Zeeh J, Fuchs L, Bergmann W, Antonin K H, Degel F, Bieck P, Platt D
Chair of Internal Medicine and Gerontology, University Erlangen-Nürnberg, Germany.
Eur J Clin Pharmacol. 1996;49(5):387-91. doi: 10.1007/BF00203783.
The pharmacokinetics of brofaromine, a selective inhibitor of monoamine oxidase A, was evaluated in 12 frail elderly patients (66-92 y) and 12 healthy volunteers (20-35 y).

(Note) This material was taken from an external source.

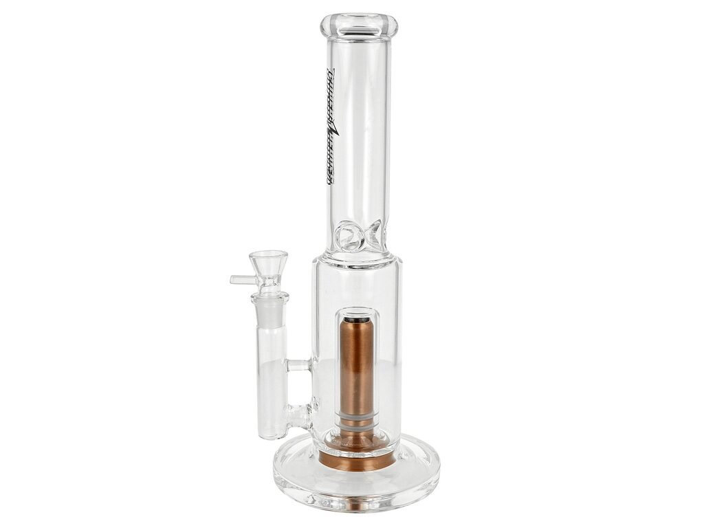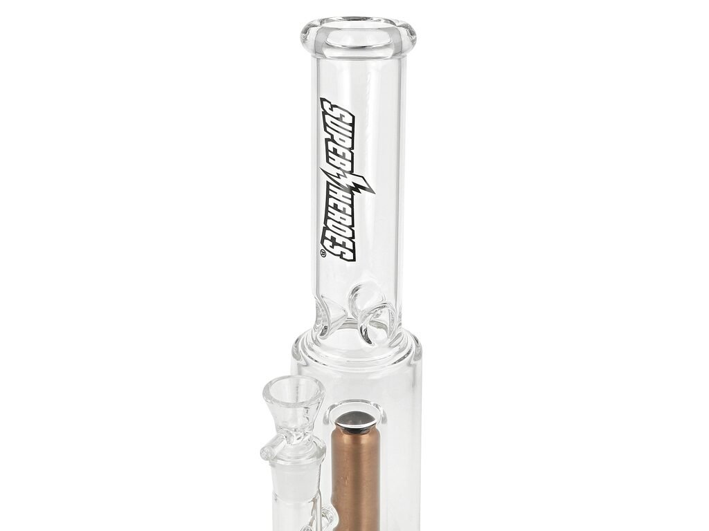 Rovný bong Super Heroes Transparent Ice. Transparentní bong je na čelní straně zdobený logem Super Heroes. Ice bong ukončený silným hrdlem je vybavený "výstupky" pro udržení kostek ledu k ochlazení kouře. Kruhová základna o tloušťce 13 mm zajišťuje bongu skvělou stabilitu. Oproti standardním bongům je tento prémiový bong vyrobený z tepelně odolného borosilikátového skla tloušťky 4,5 mm. Vestavěný chillum bongu je ukončený samostatným kotlíkem s praktickým držátkem a menším otvorem cca 5 mm.

Quantitative liver function tests were performed to show whether brofaromine elimination in the elderly could be predicted from noninvasive assessment of CYP1A2 activity (caffeine clearance) or liver plasma flow (sorbitol clearance).
In the elderly the AUC of brofaromine was significantly increased (e.g. for the 75 mg dose 43.2 vs 19.9 mumol*h.l-1, clearance was reduced (5.0 vs. 11.8 l.h-1), the volume of distribution was smaller (130 vs. 230 l), and the half-life was slightly increased (19.0 vs. 14.2 h). No significant correlation was observed between hepatic plasma flow and brofaromine clearance (r = 0.41, P = 0.05), whereas CYP1A2 activity and brofaromine clearance were tightly correlated (r = 0.94, P < 0.0001).
Caffeine clearance, a simple, noninvasive test of CYP1A2 activity, is predictive of brofaromine clearance.
在12名体弱老年患者(66 - 92岁)和12名健康志愿者(20 - 35岁)中评估单胺氧化酶A选择性抑制剂溴法罗明的药代动力学。
进行定量肝功能测试,以表明能否通过对CYP1A2活性(咖啡因清除率)或肝血浆流量(山梨醇清除率)的非侵入性评估来预测老年人中溴法罗明的清除情况。
在老年人中,溴法罗明的AUC显著增加(例如,75毫克剂量时为43.2对19.9微摩尔·小时·升⁻¹),清除率降低(5.0对11.8升·小时⁻¹),分布容积较小(130对230升),半衰期略有增加(19.0对14.2小时)。肝血浆流量与溴法罗明清除率之间未观察到显著相关性(r = 0.41,P = 0.05),而CYP1A2活性与溴法罗明清除率紧密相关(r = 0.94,P < 0.0001)。
咖啡因清除率,一种简单的CYP1A2活性非侵入性测试,可预测溴法罗明清除率。